A co-defendant in the criminal corruption case against Sen. Bob Menendez pleaded guilty in New York federal court on Friday and agreed to cooperate with the prosecution of the New Jersey Democrat.
Menendez’s co-defendant Joe Uribe pleaded guilty to seven counts, including conspiracy to commit bribery, honest services fraud, and obstruction of justice.
The other defendants in the case — Menendez, the senator’s wife Nadine, and two other New Jersey businessmen — are scheduled to stand trial beginning May 6 in Manhattan federal court.
Uribe, who works in trucking and insurance, was indicted in September with the other defendants.
The Clifton, New Jersey, resident and other two businessmen men were accused of having a “corrupt relationship” with Menendez and Nadine Menendez.
The senator allegedly accepted hundreds of thousands of dollars in cash, gold bars, a Mercedes-Benz convertible, home mortgage payments, and other things are part of that relationship.
Sen. Menendez is accused of, among other things, providing sensitive U.S government information that secretly aided the government of Egypt and pressuring a U.S. Agriculture Department official to protect a business monopoly in Egypt for one of the defendants, Wael Hana. The senator was chairman of the Senate Foreign Relations Committee at the time.

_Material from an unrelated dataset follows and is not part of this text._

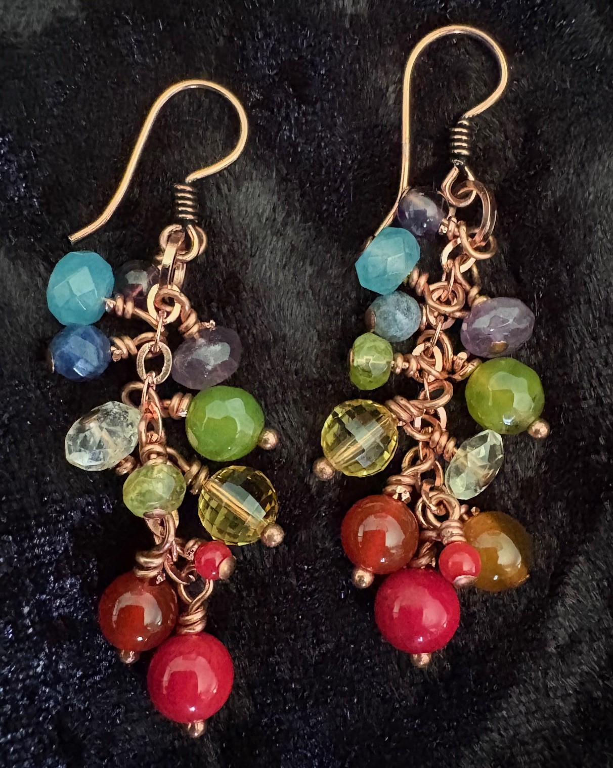 Dangle earrings in copper, natural gemstones. Also in bracelet and choker.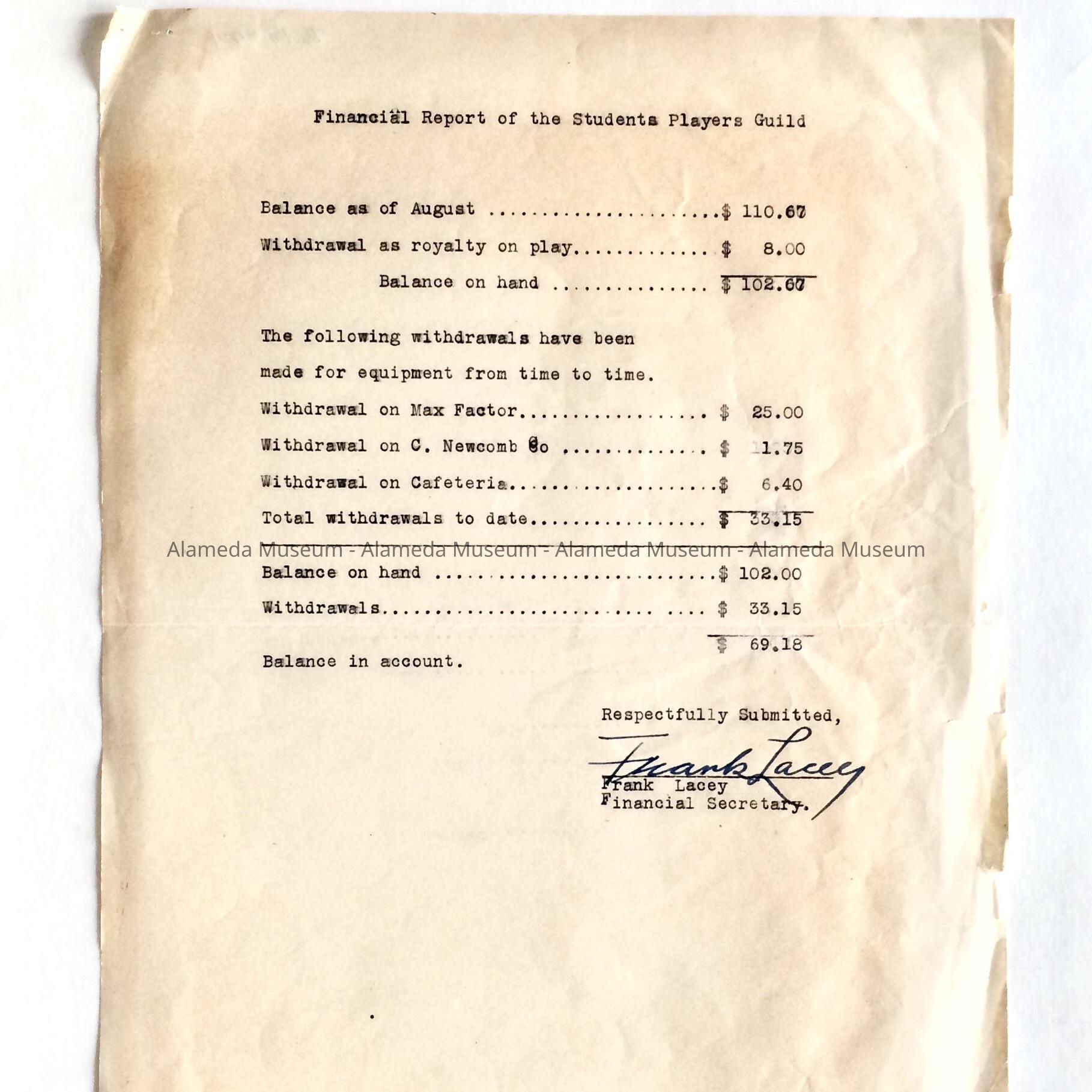 HISTORY OF OBJECT: FINANCIAL REPORT OF THE STUDENTS PLAYERS GUILD, ALAMEDA HIGH SCHOOL.

Prosecutors have said that in 2019, Uribe and Hana offered to help buy the Mercedes, which was worth more than $60,000, for the Menendezes.
In exchange for that, Sen. Menendez agreed to and tried to interfere in an investigation by the New Jersey Attorney General’s criminal insurance fraud prosecution of an associate of Uribe, and a related probe of an employee of Uribe, according to the U.S. Attorney’s Office for the Southern District of New York.
Uribe ended up giving Nadine Menendez $15,000 in cash for the downpayment on the Merceds in April 2019, prosecutors have said.
“Thereafter, Uribe made monthly payments to Mercedes-Benz for the convertible between 2019 and June 2022,” the U.S. Attorney’s Office said in September.
“Uribe only stopped making those monthly payments after the FBI approached Menendez, Nadine Menendez and Uribe in connection with this investigation.”
Uribe, who remains free on a $1 million personal recognizance bond, faces a maximum possible sentence of 30 years in prison, but is likely to receive a much lighter sentence than that, given federal sentencing guidelines and his promise to cooperate.